Do I Have To Throw Out My Training Bra If I'm A Grown-Up?
Monday night. Wow, pressure is on. I feel the onslaught of self-criticism every Monday, because I know that I'd better start the week off with a bang. But not too good of a bang. Writing a really good post on Monday is like going out and having great sex on Friday night, and then sitting at home on Saturday, alone, nursing hangover, and watching "Gilmore Girls" repeats on ABC Family because you used up all your good mojo the night before, not to mention the bruising. (Not that I don't love Rory and Lorelei, but seriously. I'd rather have a hot naked guy in my bed.)Today was Day One of the Workout Competition in my office. Despite having objected to this at my old job, and even protesting - I held an informal contest with another non-participating co-worker to see how many calories we could rack up without burning them off - new job, new me. I am in the competition. There are 8 chicks, and the three winners at the end of the month get treated to mani/pedis by the losers. I never met a bottle of OPI nail polish I didn't like, so I immediately agreed to enter, and here I am, Day One.
Today coincidentally marks Day One of my Extreme Life Makeover (ELO) program as well. Last night, after much thought and a few too many cheeseburgers, I conceded that I need to start acting more like a grown-up. I think I've taken Britney's "I'm not a girl, not yet a woman" mantra a little too much to heart lately. And I can handle that truth, bitch.

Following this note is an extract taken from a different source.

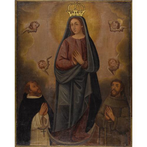 <B>A Spanish Colonial Painting of the Virgin Mary</B></I><BR><BR>Unknown artist, Spanish<BR>19th Century<BR>41.2 inches x 32.75 inches<BR><BR>The Virgin Mary is depicted wearing a crown and being admired by Saint Francis and Saint Dominic. <B>Condition Report:</B> Canvas has been relined and shows normal signs of wear as appropriate with age<BR><BR><b>Shipping:</b> Requires 3rd Party Shipping (<a target="_blank" href="http://www.heritageauctions.com/common/shipping.php">view shipping information</a>)

So as part of my ELO plan, I am going to make a concerted effort to implement the following:
-I must work out at least three times a week (five is ideal).
-I must do crunches (upper and lower, which I hate) three times a week, to combat the aforementioned cheeseburger intake.
-I will pay all of my bills on time. With "on time" defined as the week that they're due.
-I will not open tabs at bars - cash only. This will (hopefully) help to control the cash flow. As if it's really even flowing (more like trickling), but whatever.
-I will do laundry every single Sunday night, one load for whites, one for darks, and one for sheets and towels. None of this eighteen-loads-every-three-weeks shit.
-I will not go to bed past midnight on a school night, unless there's a special night out (criteria to be determined), or I have a date. A really, really good date.
-That said, I will stop dating losers. I will no longer settle for the dumb hot ones, and I will actually take into account personality, education, and felony history, and judge based on that.
-To that end, I will stop meeting boys in bars. What kind of marriage story is that anyway? I don't want to tell my future unborn children that I met Daddy after five shots of Patron and a condom breakage. Sick. (Not that this has ever happened...it's more of a preventative rule.)
-I will stop checking my Hotmail every five minutes in the event that my buddy Dave has professed his undying love for me.
-I will eat more fruits and vegetables, even though I'd rather be eating a slab of meat. I will pretend that my bowl of blueberries is, in fact, a big ass, medium-rare cow with some seasoning salt and a dash of paprika.
-I will stop talking to God only when I am in the throes of passion and/or need a favor, and will start discussing life in-depth with our Divine Being on a regular basis.
-I will stop imagining what my male co-workers look like naked when I talk to them, and try to listen to what they're saying in order to better understand my client's needs and improve my work ethic.
-I am going to be a better friend to my girlfriends, and send them various e-Cards regularly to let them know I care.
Looking back on this list, it seems a little overly ambitious. I can probably swing the e-Cards, the laundry, the non-tabs, and the God thing. But everything else is a little sketchy, like me. At least it fits.